Зимняя ночь уже накрыла молодой город густой прозрачной синью. Свет из окон и от уличных фонарей падал то на побелевший от легкого морозца асфальт, то на груды взрытой земли с протоптанными на них гладкими темными дорожками. Нежно и тонко рисовались, выступая из полутьмы, недавно посаженные деревья и кусты, опушенные белой бахромой инея. Над жилыми кварталами, над пустоглазыми еще новостройками бродила луна, и звезды посверкивали в темной синеве прояснившегося небосвода. Выделяясь среди них, медленно прошла какая-то яркая искра, и с крыши высокого дома донесся звонкий мальчишеский голос:

– Спутник! Смотрите, спутник летит!

Люди на улице остановились, подняли кверху головы. Наде до сих пор не удавалось подстеречь эту искру – чудо времени, запросто появлявшееся и над Светлогорском и над Камой. Все видели спутник, все о нем говорили, а Наде не везло: то она была на дежурстве, то погода стояла пасмурная. А сейчас… Может быть, звездочка летела, падая в бездонную пропасть вселенной? Но мальчишка на крыше подал сигнал: спутник летит – наша собственная, советская планета! Смотрите, гордитесь! Какой замечательный сигнал! Какая веселая «воздушная тревога»!
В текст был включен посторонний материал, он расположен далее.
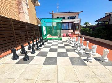 Dotato di due stufe a pellet, condizionatori zona giorno e zona notte, fibra ottica, infissi PVC doppio vetro, forno a legna, 2 docce esterne, vasca Jacuzzi, gazebo in legno, impianto fotovoltaico, allarme perimetrale, videosorveglianza, impianto domotico e tettoia in legno con area ping pong e scacchiera esterna a grandezza naturale.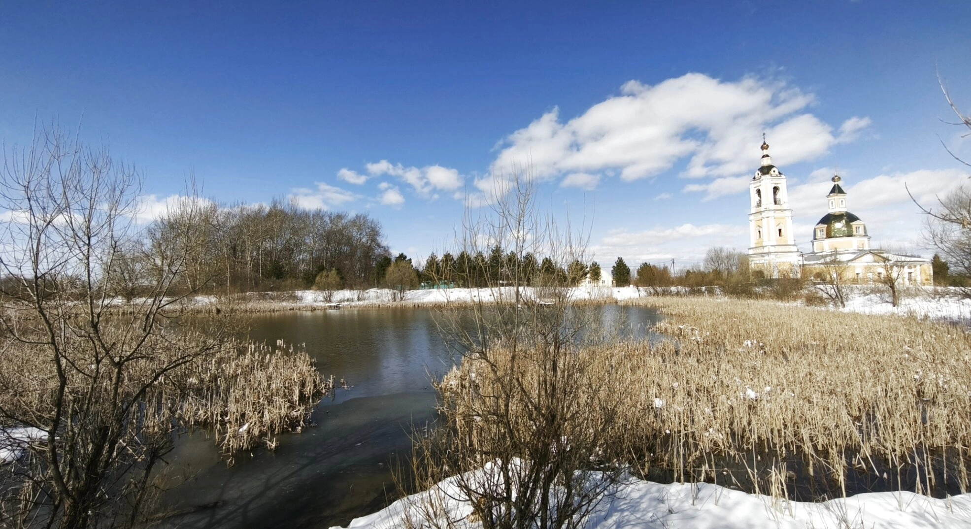 Окружающий ландшафт дополняет духовную атмосферу места. Замерзшая гладь пруда, частично покрытая льдом, обрамлена зарослями тростника и голыми ветвями прибрежных деревьев. Ясное небо с легкими облаками свидетельствует о морозном зимнем дне, когда природа пребывает в состоянии благоговейного покоя.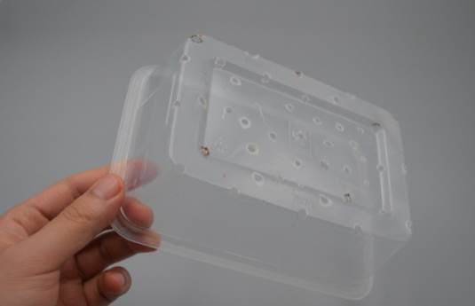 Dùng mỏ hàn hoặc dây sắt nung đỏ chọc một vài lỗ nhỏ dưới đáy hộp cơm và bạn có thể dùng nó làm rổ thoát nước. Có thể đặt miếng rửa rau, rửa trái cây, cọ rửa vào đó để ráo nước, rất đơn giản, tiện lợi và thiết thực.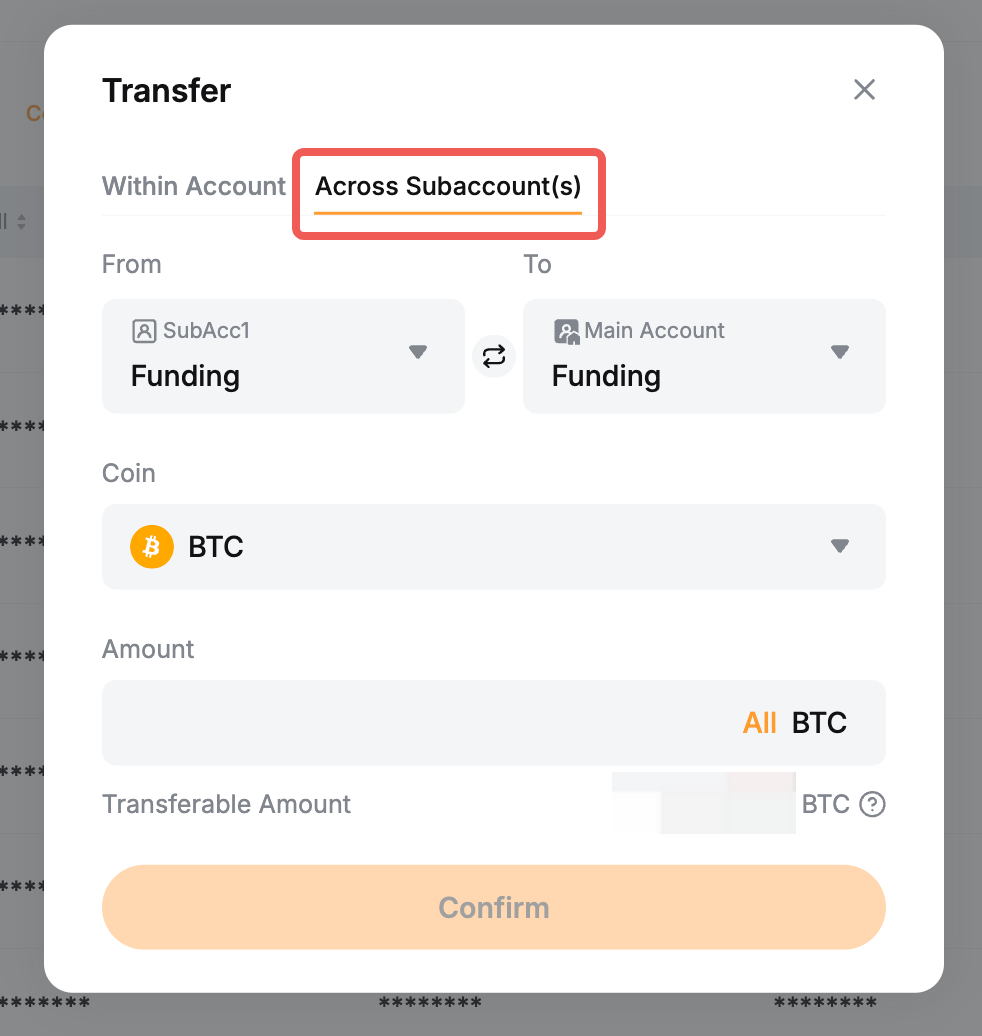 - If you want to withdraw assets located in your subaccounts, please transfer them to your main account by clicking on Transfer and select the Across Subaccount(s) tab.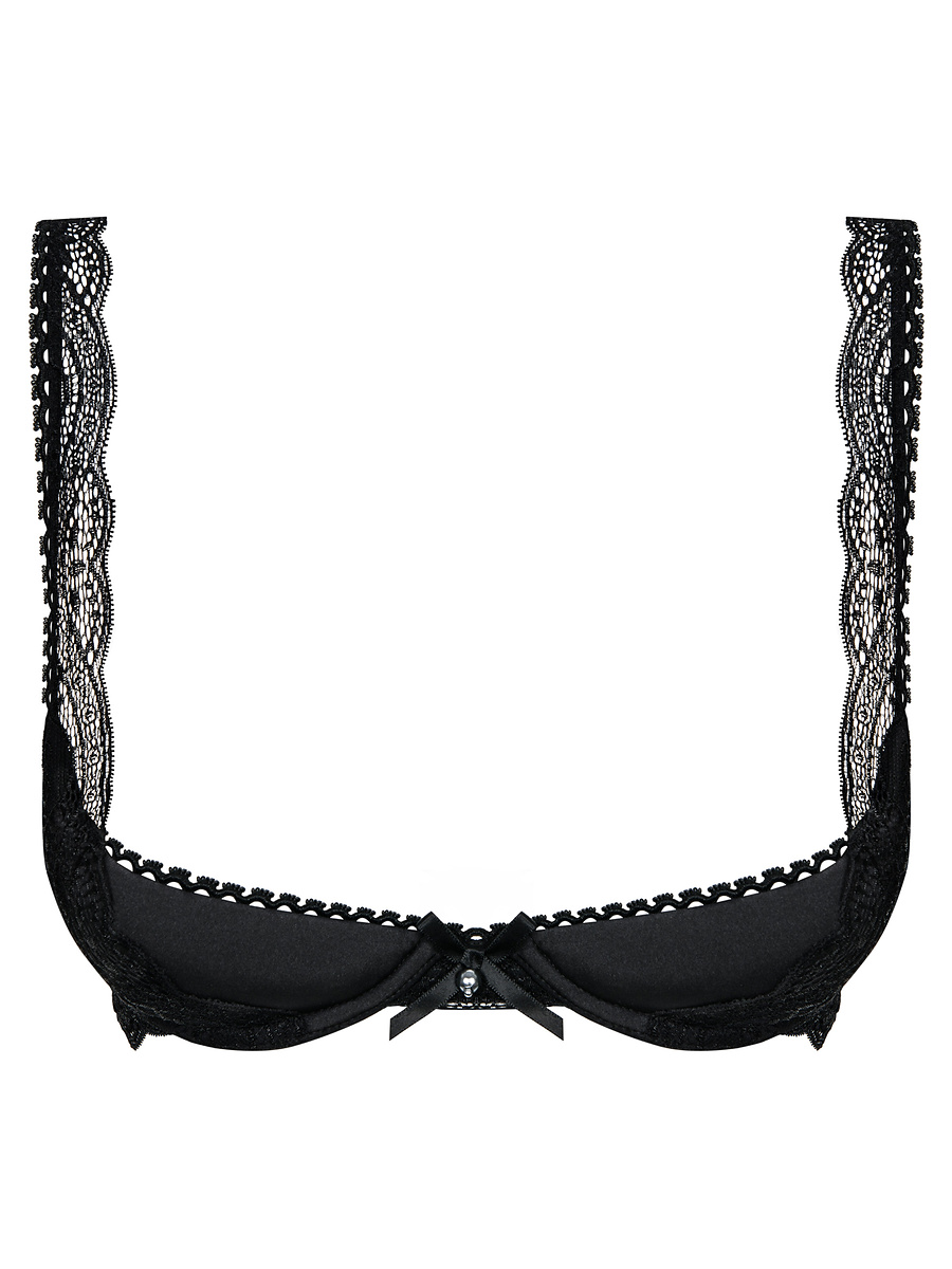 Feel the perfect lace against your skin and emphasize your feminine shapes. The half-cut design is perfect for bold temptations and features a cute bow between the breasts.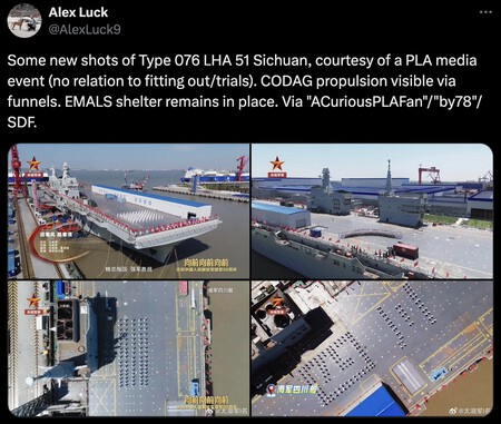 Y no tan secreto. El funcionario es que China tiene otro nuevo miembro de la flota, que se conoce como tipo 076. Es un barco anfibio que sería único en el mundo al tener una gran cubierta que esconde una catapulta electromagnética en una de sus partes.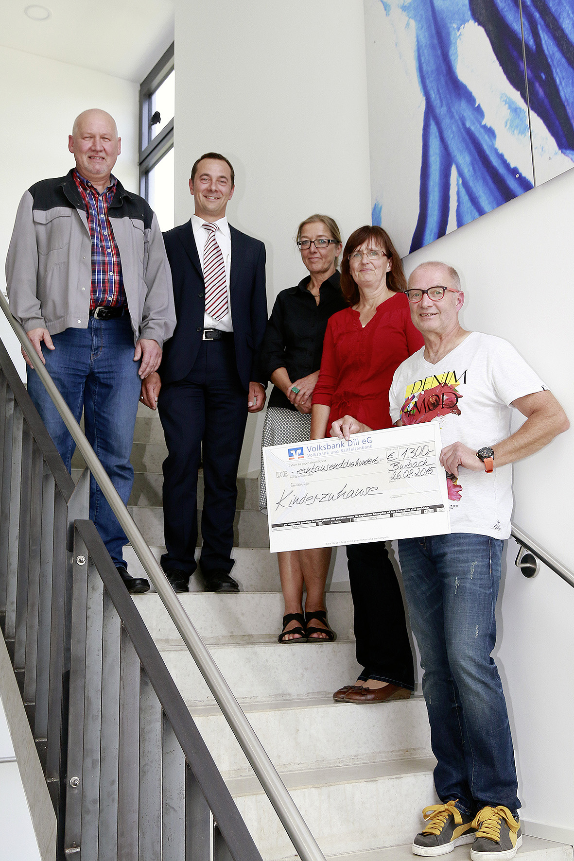 04.09.2015. Seit vielen Jahren unterstützen Burbacher Unternehmen wie Rittal die ortsansässige Pflegeeinrichtung „Kinderzuhause“ für behinderte Mitmenschen. Ende August überreichten der Schaltschrankhersteller und der Arbeitskreis Burbacher Unternehmen dem „Förderverein Kinderzuhause“ einen Scheck über 1.300 Euro.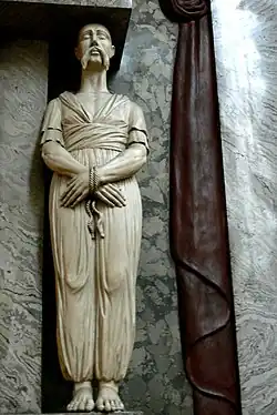 The leaders were subsequently arrested, and 38 of them were tried and executed. Some plotters converted and asked to be baptized just before being killed. One hundred and twenty-five others were hanged in Palace Square in Valletta,[6] while eight were branded with the letter R (for ribelli, 'rebels') on their forehead, and were condemned to the galleys for life.[7] On the insistence of France, Mustafa Pasha, who was behind the revolt, was not executed but was taken back to Rhodes on a French vessel.[5]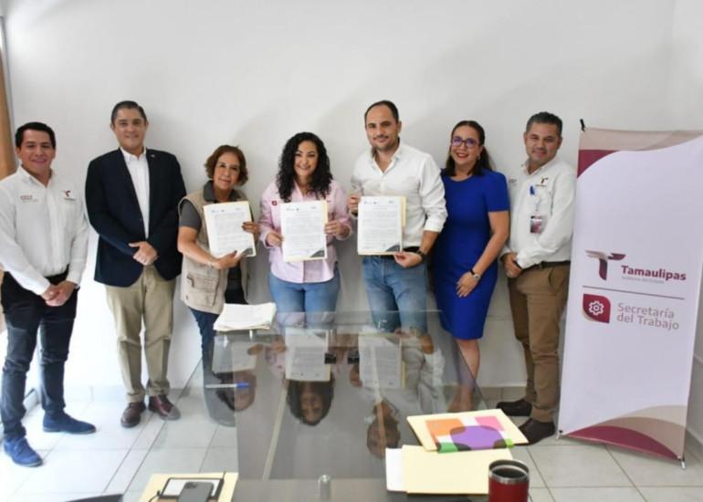 La Secretaría del Trabajo y Previsión Social del gobierno de Américo Villarreal Anaya, atestiguó la ratificación del convenio de revisión salarial entre la empresa maquiladora Kemet y el Sindicato Industrial de Maquiladoras, representado por su secretaria general, en el Centro de Conciliación Laboral de Tamaulipas.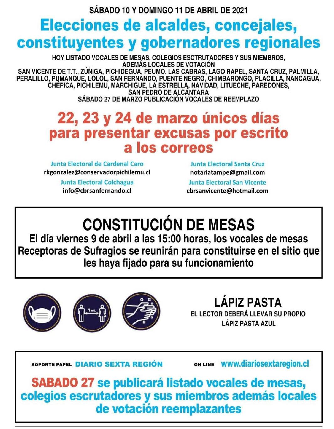 ¿quiénes serán vocales de mesa? Por lo anterior, no se enviará carta certificada informando de la. El 27 de marzo el servel reveló la nómina definitiva de las personas que deben cumplir con el rol de vocales de mesa en los próximos comicios que elegirán alcaldes, concejales, gobernadores regionales (intendentes) y constituyentes. Valparaíso, aysén y magallenes son las regiones que ya determinaron quiénes serán sus gobernadores, quienes fueron elegidos con un 43,7%, 48,7% y 42,1% respectivamente. Para esta segunda vuelta de gobernadores, serán vocales de mesa las mismas personas que participaron del proceso el 15 y 16 de mayo, exceptuando obviamente a los vocales de las regiones de valparaíso, aysén y magallanes.

Живая звездочка скрылась, таяла на горизонте, вот уже исчезла совсем, и вдруг кто-то робко притронулся к плечу Нади. Она вздрогнула от радостного волнения и, поняв, что ждала этого, тихо спросила, не смея оглянуться:

– Опять вы?

Ахмадша не ответил, даже не расслышал вопроса: стоял, не снимая руки с плеча любимой женщины, и ждал ее окончательного приговора, а она, будто не замечая его вольности, продолжала смотреть в синеву неба, размытую снизу отсветом уличных фонарей.

Зато Алексей Груздев, шедший к Дронову по просьбе Нади, переданной дедом Матвеем, сразу заметил все. Только что он был счастлив, а сейчас с отчаянием глядел на жену и Ахмадшу, не имея сил ни пройти мимо, ни подойти к ним.

Все-таки он заставил себя приблизиться к жене: на Ахмадшу не смотрел, ни ревности, ни злобы не испытывая к молодому сопернику, только сердечная боль жгла, сжимала клещами горло.

Надя доверчиво и странно спокойно заглянула снизу в его глаза, и он подумал с тоской: «Чего ты вскинулся? Ты же знал об их любви и добровольно подставил голову под обух! Ну вот – принимай заслуженный удар».

Но принять удар он не смог, а, взяв Надю под руку, отстранил ее от Ахмадши, тепло и даже заискивающе посмотрел ей в лицо, и тогда она сказала с какой-то детской уверенностью в своей правоте:

– Почему ты не здороваешься с ним, Алеша? Ведь ты давно знаешь его!

Что можно было возразить? В самом деле, он знал Ахмадшу очень давно. Удивительно серьезный, яснолицый мальчик еще двадцать лет назад пленил его милой непосредственностью. Ласковый мальчик, как он развлекал разведчиков забавными детскими речами!

Груздев неловко повернулся к Ахмадше, осторожно, будто не доверяя себе, сжал в мощной ладони его руку.

– Вот и хорошо! – Надя сразу почувствовала, что смертельно устала, словно перегорела от душевного напряжения, взяла мужа под руку, почти повисла на нем. – Пойдем домой, Алеша! Я просила папу Матвея, чтобы он обязательно позвонил тебе…

Она льнула к Груздеву, но это уже не могло обмануть его: юная женщина искала в нем поддержки, отчаянно хваталась за него, точно падающее дерево, цепляющееся за своих соседей, а душа ее была далеко! И мысли о том, как он ликовал недавно, обжигали Алексея стыдом и печалью.

34

С тяжелым чувством уезжал Груздев в Москву, неохотно уезжал, а ведь, похоже, успешно решалась важнейшая проблема, которой он отдал лет десять жизни.

Надя много работала в эти дни, была то оживленная, то, ссылаясь на нездоровье, печально-задумчивая. Она проводила его ласково, но сдержанно. Алексею показалось даже, что у нее вырвался вздох облегчения, когда он, простившись, садился в машину.

По пути на аэродром, в самолете, на шумных московских улицах Груздев напряженно и мучительно гадал о том, как сложится его дальнейшая жизнь: уйдет от него Надя или не уйдет? Он не пытался ни угрожать, ни разжалобить ее перед своим отъездом, давая ей полное право выбора, стараясь только не подтолкнуть чашу весов в сторону Ахмадши, – отказаться от нее добровольно он не мог даже мысленно.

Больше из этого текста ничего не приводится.